Whenever a new species arrived, "the commander-in-chief would forget the cares of the campaign and slip off to the pond to see the bird for himself". The anecdote, which Butt unearthed from a London newspaper, is one of many quirky titbits of information that spices his narrative. The words of a tourist brochure published by Gaza's municipality after the Oslo peace accords between Israel and the PLO in 1994 are among the most poignant in Butt's book. "History, beauty and warm hospitality: That's Gaza", proclaimed the brochure whose cover was illustrated by a montage of images: waves breaking on a sandy beach, a palm-lined boulevard and a mosque gateway.

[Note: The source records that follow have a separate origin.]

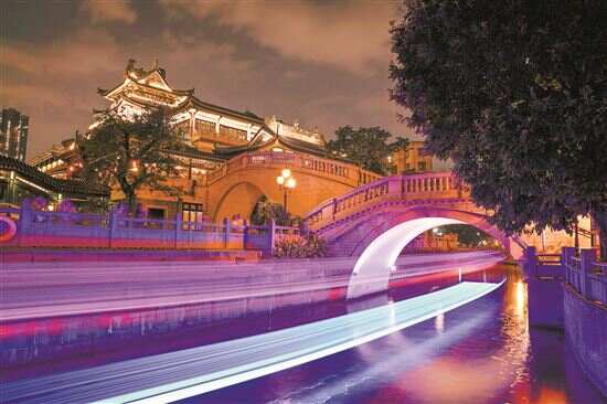 ■夜幕下永庆坊的月亮桥,以其独特的形状和璀璨的灯光吸引了众多游客,游船的流光点缀着城市之夜。新快报实习记者 刘浩靖/摄
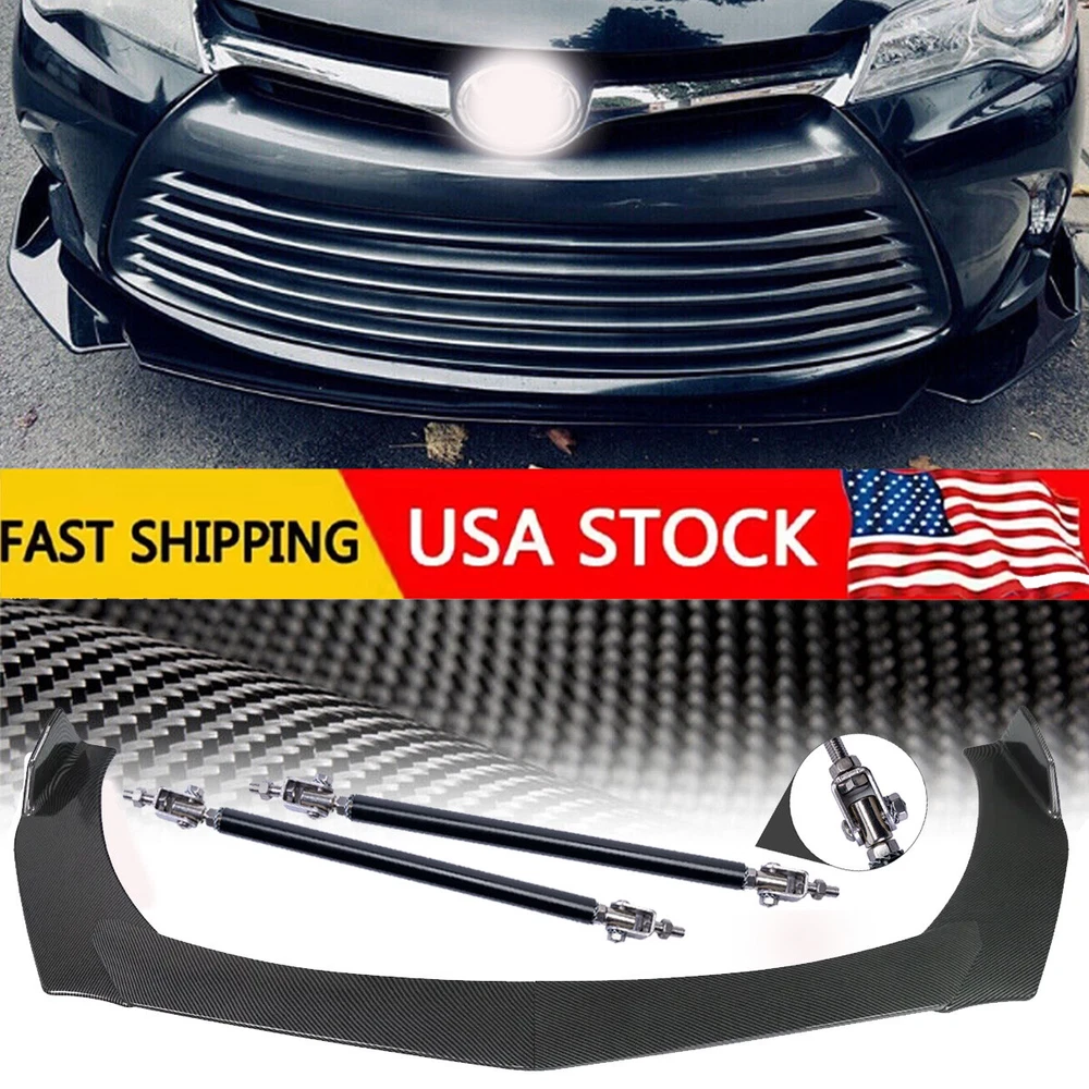 Front Lip Chin Bumper Specification: Condition: 100% Brand New Type: Front Lip Chin Bumper Body Kits Material: Made of high quality PP plastic, Durable Color: Carbon Fiber Look Placement on Vehicle: Front ; Lower Features: Double layer with shaped carbon fiber Give your vehicles sporty appearance Protect Your Bumper From Scratching Strict quality control standards to Build and test. Come With Screws, Pre-drilled holes for quick installation Professional Installation Is Highly Recommended. Strut Rods ★ Length: The length can be adjustable from 6" to 11" (150-275mm) ★ Material: Stainless Steel ★ Quatity: 2 x Stainless Steel Bumper Lip Splitter Tie Rod Bars. ( Stainless steel has weldability, corrosion resistance and heat resistance.) ★ Position: This exquisite and compact lever is mainly fixed on the body components (front and rear surround, skirt, head and tail lip), and can also be installed in the car center console or interior trim panel ★ Require: Product will require drilling holes into the bumper and/or lip/diffuser to attach safely to the vehicle. Package Includes: 1Set Front Lip Chin Bumper Body Kits(4pcs) 2 X Strut Splitter Rod
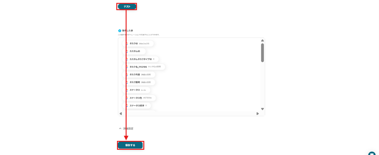 設定できたら「テスト」をクリックし、成功したら保存してください。
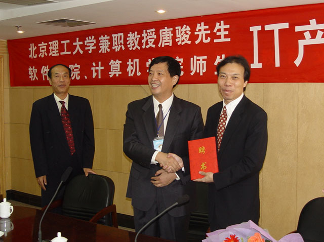 2005年9月12日上午,计算机科学技术学院、软件学院邀请前微软中国总裁、盛大公司总经理、我校兼职教授唐骏先生来我校国际教育交流中心作“IT产业职业发展研讨会”,并且正式聘任唐骏教授为理工大学软件学院高级顾问。
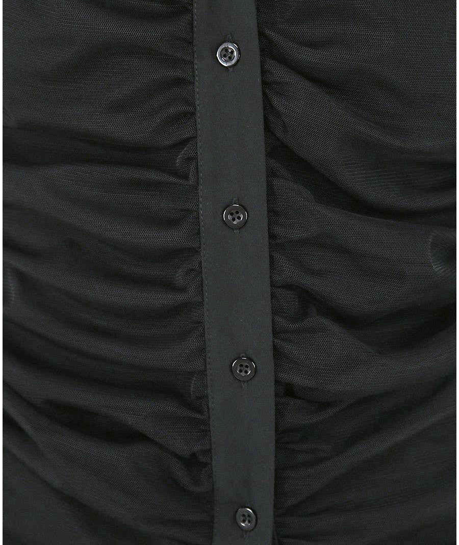 Camicia di KAOS JEANS realizzata in tulle, caratterizzata da effetto trasparente e top sottoveste. Made in Italy. Codice: QIJMA003 Colore: NERO
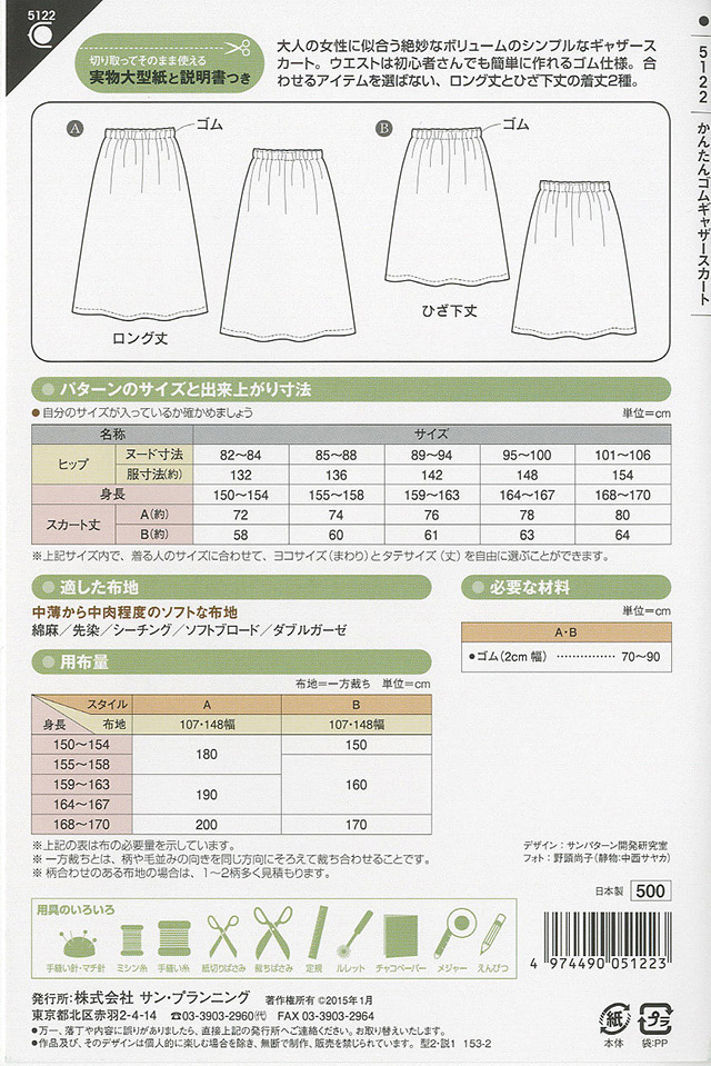 - ●型紙内容:大人用のギャザースカート (対応サイズは画像をご確認ください。)

It was a time of rare optimism for Gaza, which was meant to serve as the cornerstone of a future Palestinian state that would be linked by a motorway to the West Bank. "Like the Phoenix, symbol of Gaza, the city is born again from its ashes and is taking on a new lease of life," the brochure said. Israeli troops had redeployed within the territory, Yasser Arafat, the figurehead of the Palestinians' struggle for independence, had arrived amid scenes of tumultuous triumph to establish a headquarters there after decades in exile. An international airport was built where Bill Clinton touched down in 1998 in the first visit by an American president to an area under Palestinian control.

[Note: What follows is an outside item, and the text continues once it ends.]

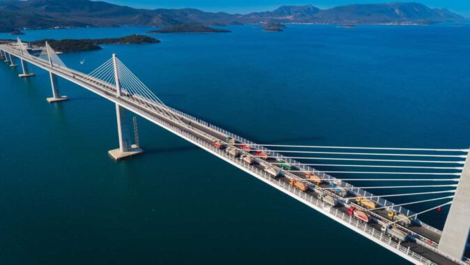 Nový lanový most se šesti pylony má délku 2404 metrů a šířku 24 metrů a dokáže odolat větrům o rychlosti až 180 km/h. Pozoruhodná stavba spojuje region Dubrovníku na jihovýchodě země s ostatními částmi Chorvatska, aby usnadnila a zrychlila cestování turistům i místním obyvatelům, kteří tak nemusejí ztrácet čas průjezdem přes Bosnu a Hercegovinu. Z celkových nákladů 526 milionů eur na výstavbu pelješského mostu uhradila více než dvě třetiny Evropská unie.
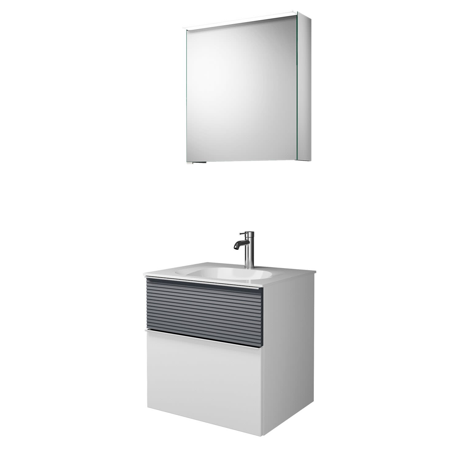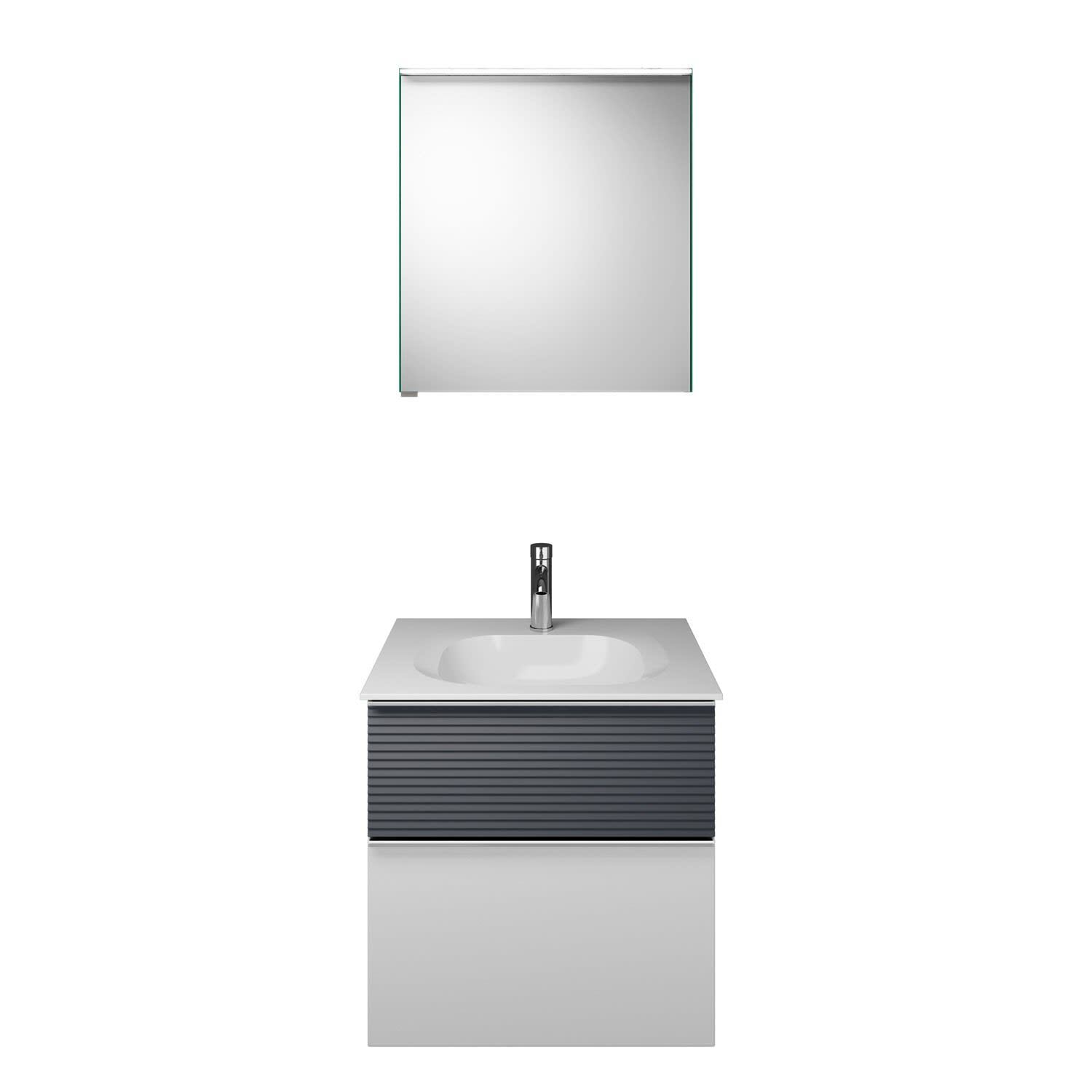 burgbad Fiumo Badmöbel-Set 62 cm mit Waschtisch und Unterschrank mit Griff G0146 sowie mit Spiegelschrank mit Türanschlag rechts

The first edition of Life at the Crossroads was published during that time of hope in 1995. The relaunched edition, which has been thoroughly revised and updated, puts that period in its sad perspective. "Gaza in 1994, as in the many decades and centuries before, appeared to be serving as a crossroads - this time it was traversed by Palestinian people en route from a life in diaspora or under Israeli occupation towards statehood," Butt writes. "That, at least, was the dream."